§ THE INPUT:
+ + + + +
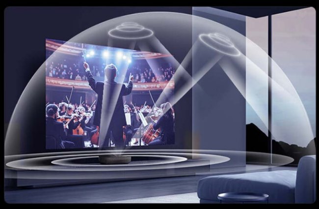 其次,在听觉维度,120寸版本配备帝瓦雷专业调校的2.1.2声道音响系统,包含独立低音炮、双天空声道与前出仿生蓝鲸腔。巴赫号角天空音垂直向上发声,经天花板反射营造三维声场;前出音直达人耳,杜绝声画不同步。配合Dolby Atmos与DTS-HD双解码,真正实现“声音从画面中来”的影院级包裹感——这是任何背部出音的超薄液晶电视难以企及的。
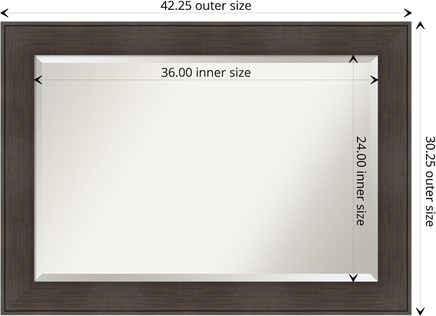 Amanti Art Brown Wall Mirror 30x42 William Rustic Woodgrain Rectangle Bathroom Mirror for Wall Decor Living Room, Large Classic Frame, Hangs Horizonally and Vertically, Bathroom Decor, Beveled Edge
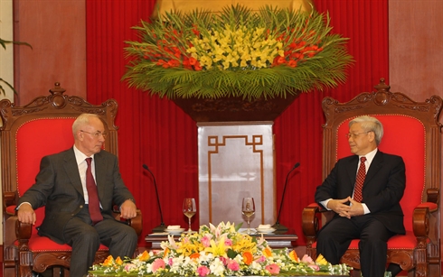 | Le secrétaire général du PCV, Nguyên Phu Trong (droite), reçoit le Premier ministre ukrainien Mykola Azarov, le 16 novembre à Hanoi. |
+ + + + +
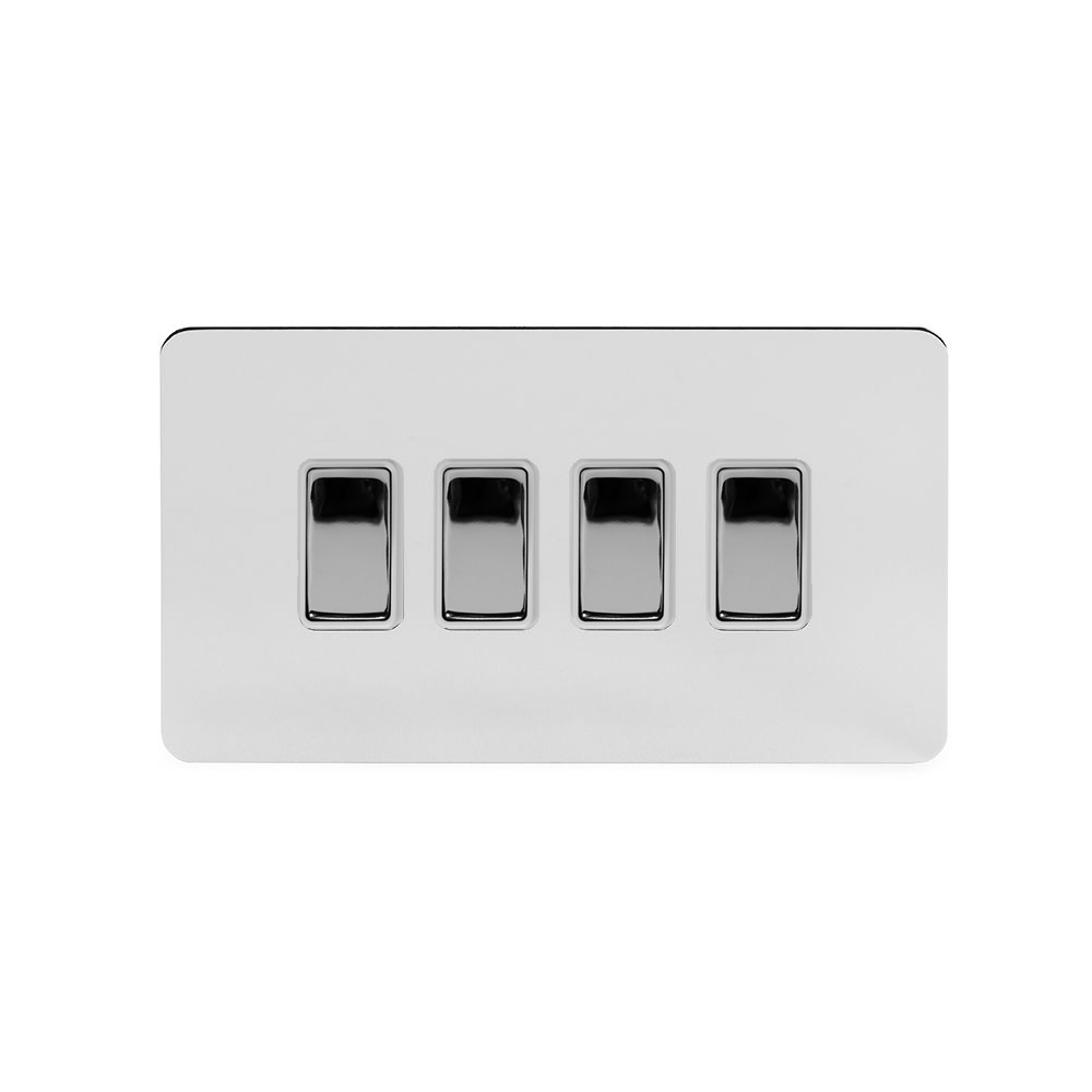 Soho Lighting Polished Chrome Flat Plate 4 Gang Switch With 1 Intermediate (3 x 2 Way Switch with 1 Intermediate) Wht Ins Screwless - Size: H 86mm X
+ + + + +
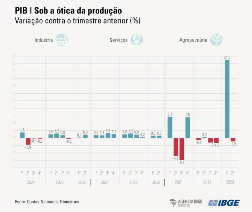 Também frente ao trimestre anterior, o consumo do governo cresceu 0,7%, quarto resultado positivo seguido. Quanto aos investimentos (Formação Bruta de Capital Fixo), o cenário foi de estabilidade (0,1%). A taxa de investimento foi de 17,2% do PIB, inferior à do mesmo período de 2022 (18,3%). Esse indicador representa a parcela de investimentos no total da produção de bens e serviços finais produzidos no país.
+ + + + +
§ ASSIGNMENT: Exact copy, pictures excluded: from the line with "其次,在听觉维度,120寸版" up to and including the line with "novembre à Hanoi. |" in the data above.

§ COMPLETED TASK:
 其次,在听觉维度,120寸版本配备帝瓦雷专业调校的2.1.2声道音响系统,包含独立低音炮、双天空声道与前出仿生蓝鲸腔。巴赫号角天空音垂直向上发声,经天花板反射营造三维声场;前出音直达人耳,杜绝声画不同步。配合Dolby Atmos与DTS-HD双解码,真正实现“声音从画面中来”的影院级包裹感——这是任何背部出音的超薄液晶电视难以企及的。
 Amanti Art Brown Wall Mirror 30x42 William Rustic Woodgrain Rectangle Bathroom Mirror for Wall Decor Living Room, Large Classic Frame, Hangs Horizonally and Vertically, Bathroom Decor, Beveled Edge
 | Le secrétaire général du PCV, Nguyên Phu Trong (droite), reçoit le Premier ministre ukrainien Mykola Azarov, le 16 novembre à Hanoi. |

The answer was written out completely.